Your answer should consist of the lines in the data below that contain "over".

** DATA follows **

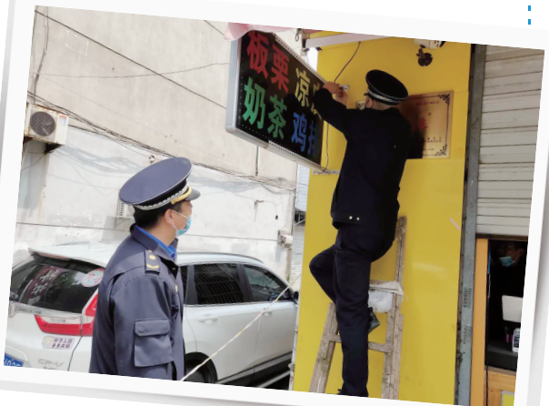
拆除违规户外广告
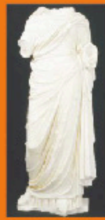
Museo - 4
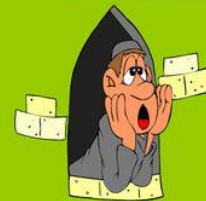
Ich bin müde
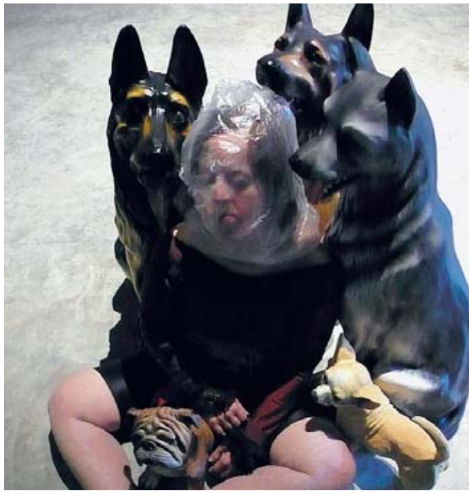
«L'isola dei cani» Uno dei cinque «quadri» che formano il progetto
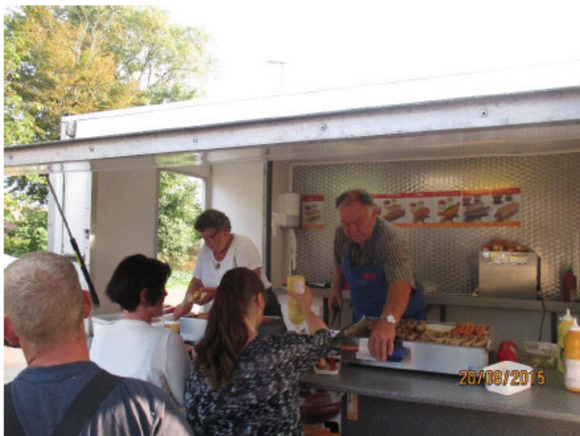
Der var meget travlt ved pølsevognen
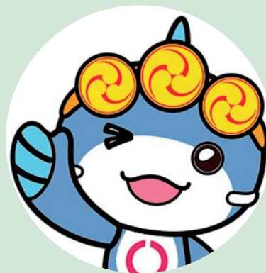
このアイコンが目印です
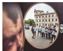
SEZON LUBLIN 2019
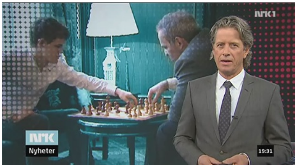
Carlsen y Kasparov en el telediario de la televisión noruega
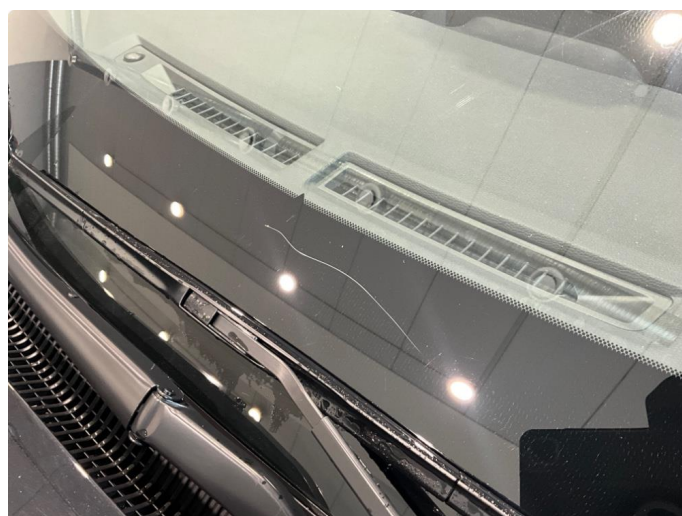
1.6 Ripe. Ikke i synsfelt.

** End of DATA **
** DATA follows **

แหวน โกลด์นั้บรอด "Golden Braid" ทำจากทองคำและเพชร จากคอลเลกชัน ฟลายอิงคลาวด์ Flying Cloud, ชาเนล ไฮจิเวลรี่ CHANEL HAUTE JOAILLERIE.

** End of DATA **
** DATA follows **

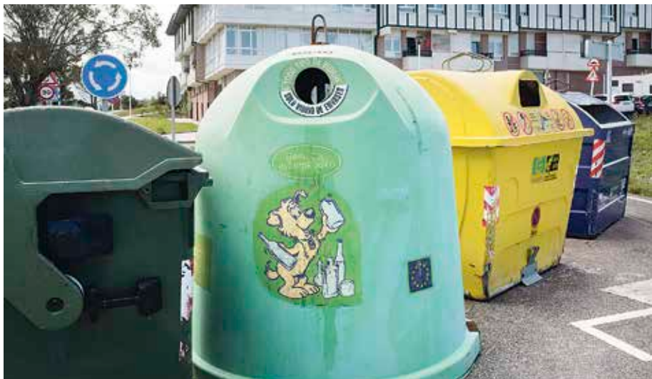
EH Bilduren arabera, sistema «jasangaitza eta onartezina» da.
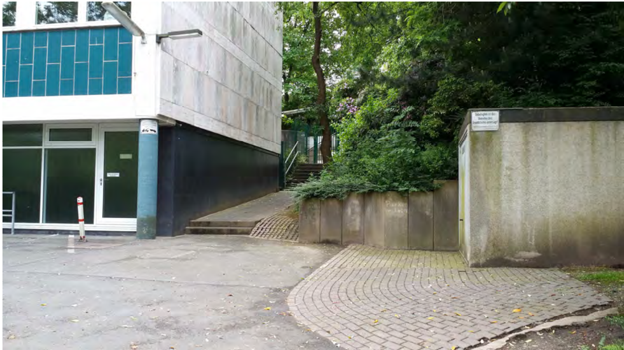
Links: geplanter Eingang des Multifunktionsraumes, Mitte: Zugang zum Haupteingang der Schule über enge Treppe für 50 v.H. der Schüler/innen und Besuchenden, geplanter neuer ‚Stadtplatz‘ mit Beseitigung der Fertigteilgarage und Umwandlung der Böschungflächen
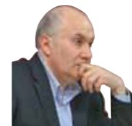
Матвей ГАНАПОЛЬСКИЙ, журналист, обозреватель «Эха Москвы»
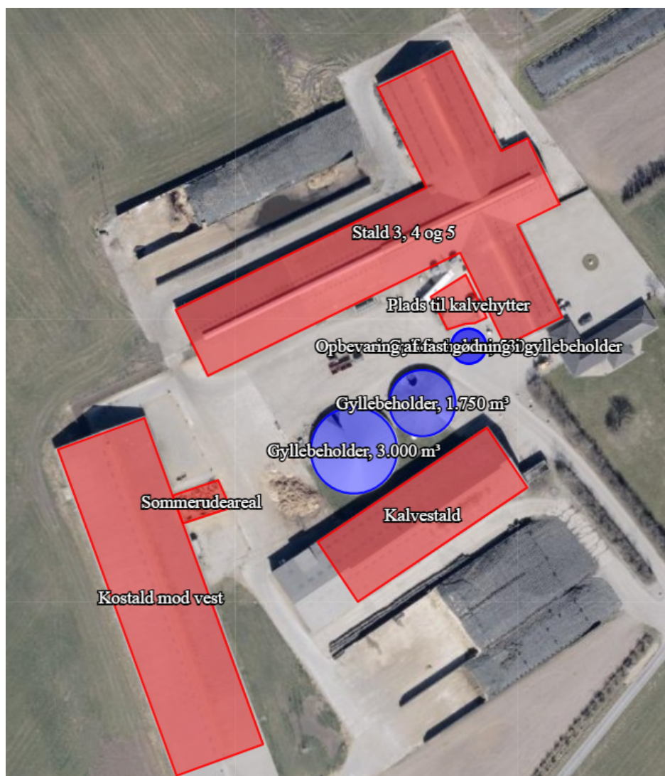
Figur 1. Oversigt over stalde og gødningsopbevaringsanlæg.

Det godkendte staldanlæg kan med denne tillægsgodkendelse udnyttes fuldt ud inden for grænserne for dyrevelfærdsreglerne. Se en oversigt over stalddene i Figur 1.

** End of DATA **

### COMPLETED TASK
Figur 1. Oversigt over stalde og gødningsopbevaringsanlæg.
Det godkendte staldanlæg kan med denne tillægsgodkendelse udnyttes fuldt ud inden for grænserne for dyrevelfærdsreglerne. Se en oversigt over stalddene i Figur 1.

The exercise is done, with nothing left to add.